The `article_text` object contains text without brackets. However, we do not want to remove anything else from the article since this is the original article. We will not remove other numbers, punctuation marks and special characters from this text since we will use this text to create summaries and weighted word frequencies will be replaced in this article.

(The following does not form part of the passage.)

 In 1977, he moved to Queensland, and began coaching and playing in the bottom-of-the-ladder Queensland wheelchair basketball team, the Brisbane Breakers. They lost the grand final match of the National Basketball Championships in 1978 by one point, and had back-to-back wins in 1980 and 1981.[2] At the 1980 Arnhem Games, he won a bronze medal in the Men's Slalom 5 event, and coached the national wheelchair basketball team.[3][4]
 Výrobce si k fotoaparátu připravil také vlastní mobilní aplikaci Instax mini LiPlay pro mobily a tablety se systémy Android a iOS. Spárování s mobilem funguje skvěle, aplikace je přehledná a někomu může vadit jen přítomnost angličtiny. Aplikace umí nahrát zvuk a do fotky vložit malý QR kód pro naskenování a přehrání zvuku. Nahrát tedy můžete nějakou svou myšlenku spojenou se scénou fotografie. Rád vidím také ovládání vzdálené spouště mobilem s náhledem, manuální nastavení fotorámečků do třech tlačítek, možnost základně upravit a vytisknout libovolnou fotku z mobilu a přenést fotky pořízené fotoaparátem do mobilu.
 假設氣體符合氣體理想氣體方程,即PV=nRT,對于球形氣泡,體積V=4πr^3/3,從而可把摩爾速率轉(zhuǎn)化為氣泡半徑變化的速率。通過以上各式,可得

To clean the text and calculate weighted frequences, we will create another object.

In [9]:
formatted_article_text = re.sub('[^a-zA-Z]', ' ', article_text )
formatted_article_text = re.sub(r'\s+', ' ', formatted_article_text)

In [10]:
formatted_article_text[:500]

' Artificial intelligence AI is intelligence demonstrated by machines as opposed to the natural intelligence displayed by animals including humans AI research has been defined as the field of study of intelligent agents which refers to any system that perceives its environment and takes actions that maximize its chance of achieving its goals a The term artificial intelligence had previously been used to describe machines that mimic and display human cognitive skills that are associated with the h'

#### Converting Text To Sentences

At this point we have preprocessed the data. Next, we need to tokenize the article into sentences. We will use the `article_text` object for tokenizing the article to sentence since it contains full stops. The `formatted_article_text` does not contain any punctuation and therefore cannot be converted into sentences using the full stop as a parameter.

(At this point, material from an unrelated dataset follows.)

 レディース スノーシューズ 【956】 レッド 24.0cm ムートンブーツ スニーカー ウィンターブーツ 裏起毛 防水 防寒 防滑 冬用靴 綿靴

The following script performs sentence tokenization:

In [11]:
sentence_list = nltk.sent_tokenize(article_text)

In [12]:
sentence_list[:2]

[' Artificial intelligence (AI) is intelligence demonstrated by machines, as opposed to the natural intelligence displayed by animals including humans.',
 'AI research has been defined as the field of study of intelligent agents, which refers to any system that perceives its environment and takes actions that maximize its chance of achieving its goals.']

#### Find Weighted Frequency of Occurrence

To find the frequency of occurrence of each word, we use the `formatted_article_text` variable. We used this variable to find the frequency of occurrence since it doesn't contain punctuation, digits, or other special characters

In [13]:
stopwords = nltk.corpus.stopwords.words('english')

word_frequencies = {}
for word in nltk.word_tokenize(formatted_article_text):
    if word not in stopwords:
        if word not in word_frequencies.keys():
            word_frequencies[word] = 1
        else:
            word_frequencies[word] += 1

In [14]:
list(word_frequencies.items())[:4]

[('Artificial', 8), ('intelligence', 97), ('AI', 156), ('demonstrated', 3)]

In [15]:
maximum_frequncy = max(word_frequencies.values())

for word in word_frequencies.keys():
    word_frequencies[word] = (word_frequencies[word]/maximum_frequncy)

In [16]:
list(word_frequencies.items())[:4]

[('Artificial', 0.05128205128205128),
 ('intelligence', 0.6217948717948718),
 ('AI', 1.0),
 ('demonstrated', 0.019230769230769232)]

#### Calculating Sentence Scores

We have now calculated the weighted frequencies for all the words. Now is the time to calculate the scores for each sentence by adding weighted frequencies of the words that occur in that particular sentence. The following script calculates sentence scores:

In [17]:
print(sentence_list[2].lower())
nltk.word_tokenize( sentence_list[2].lower())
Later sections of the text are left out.